[Your instructions]: Starting at the line that holds "Maskva. Daugiaaukštis Maskvos" and stopping at the line that holds "V praxi sú zavedené", restate the records below word for word, with both of those lines included.

[Material provided]:
* * * *
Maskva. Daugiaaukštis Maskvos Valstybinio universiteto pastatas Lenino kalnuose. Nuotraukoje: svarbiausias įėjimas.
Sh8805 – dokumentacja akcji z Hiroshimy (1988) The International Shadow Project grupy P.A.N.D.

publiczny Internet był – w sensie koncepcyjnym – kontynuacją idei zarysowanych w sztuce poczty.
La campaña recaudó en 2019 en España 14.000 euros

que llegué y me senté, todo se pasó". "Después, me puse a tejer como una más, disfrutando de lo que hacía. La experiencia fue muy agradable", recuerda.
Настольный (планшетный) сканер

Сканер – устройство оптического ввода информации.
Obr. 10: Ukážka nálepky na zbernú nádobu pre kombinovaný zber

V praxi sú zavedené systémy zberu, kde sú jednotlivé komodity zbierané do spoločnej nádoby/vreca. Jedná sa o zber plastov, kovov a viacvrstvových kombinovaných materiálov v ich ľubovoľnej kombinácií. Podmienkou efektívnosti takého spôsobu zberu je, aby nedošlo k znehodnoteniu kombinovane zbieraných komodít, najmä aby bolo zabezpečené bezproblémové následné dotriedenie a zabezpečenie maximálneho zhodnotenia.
* * * *
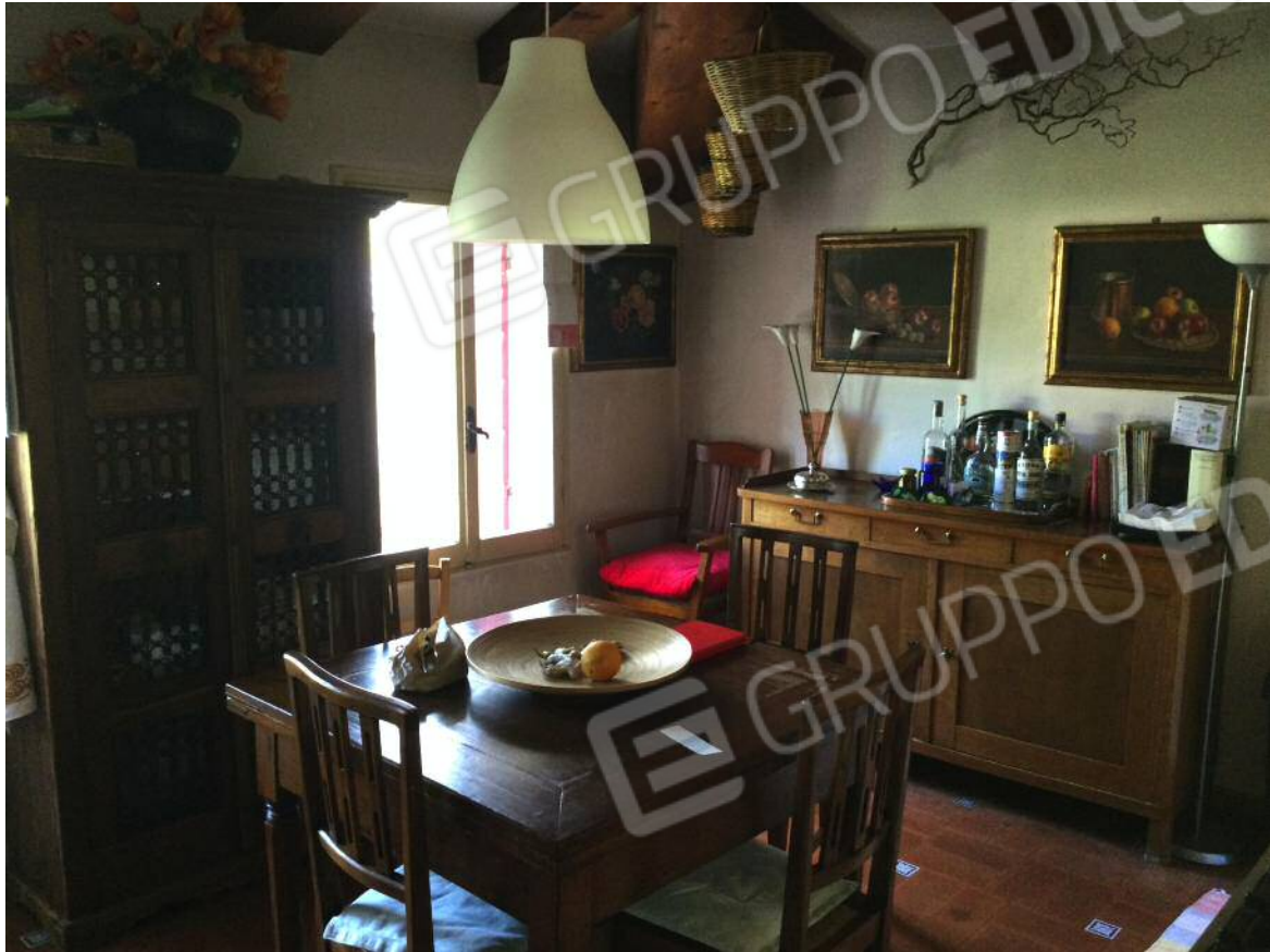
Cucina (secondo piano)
* * * *
[Your solution]:
Maskva. Daugiaaukštis Maskvos Valstybinio universiteto pastatas Lenino kalnuose. Nuotraukoje: svarbiausias įėjimas.
Sh8805 – dokumentacja akcji z Hiroshimy (1988) The International Shadow Project grupy P.A.N.D.

publiczny Internet był – w sensie koncepcyjnym – kontynuacją idei zarysowanych w sztuce poczty.
La campaña recaudó en 2019 en España 14.000 euros

que llegué y me senté, todo se pasó". "Después, me puse a tejer como una más, disfrutando de lo que hacía. La experiencia fue muy agradable", recuerda.
Настольный (планшетный) сканер

Сканер – устройство оптического ввода информации.
Obr. 10: Ukážka nálepky na zbernú nádobu pre kombinovaný zber

V praxi sú zavedené systémy zberu, kde sú jednotlivé komodity zbierané do spoločnej nádoby/vreca. Jedná sa o zber plastov, kovov a viacvrstvových kombinovaných materiálov v ich ľubovoľnej kombinácií. Podmienkou efektívnosti takého spôsobu zberu je, aby nedošlo k znehodnoteniu kombinovane zbieraných komodít, najmä aby bolo zabezpečené bezproblémové následné dotriedenie a zabezpečenie maximálneho zhodnotenia.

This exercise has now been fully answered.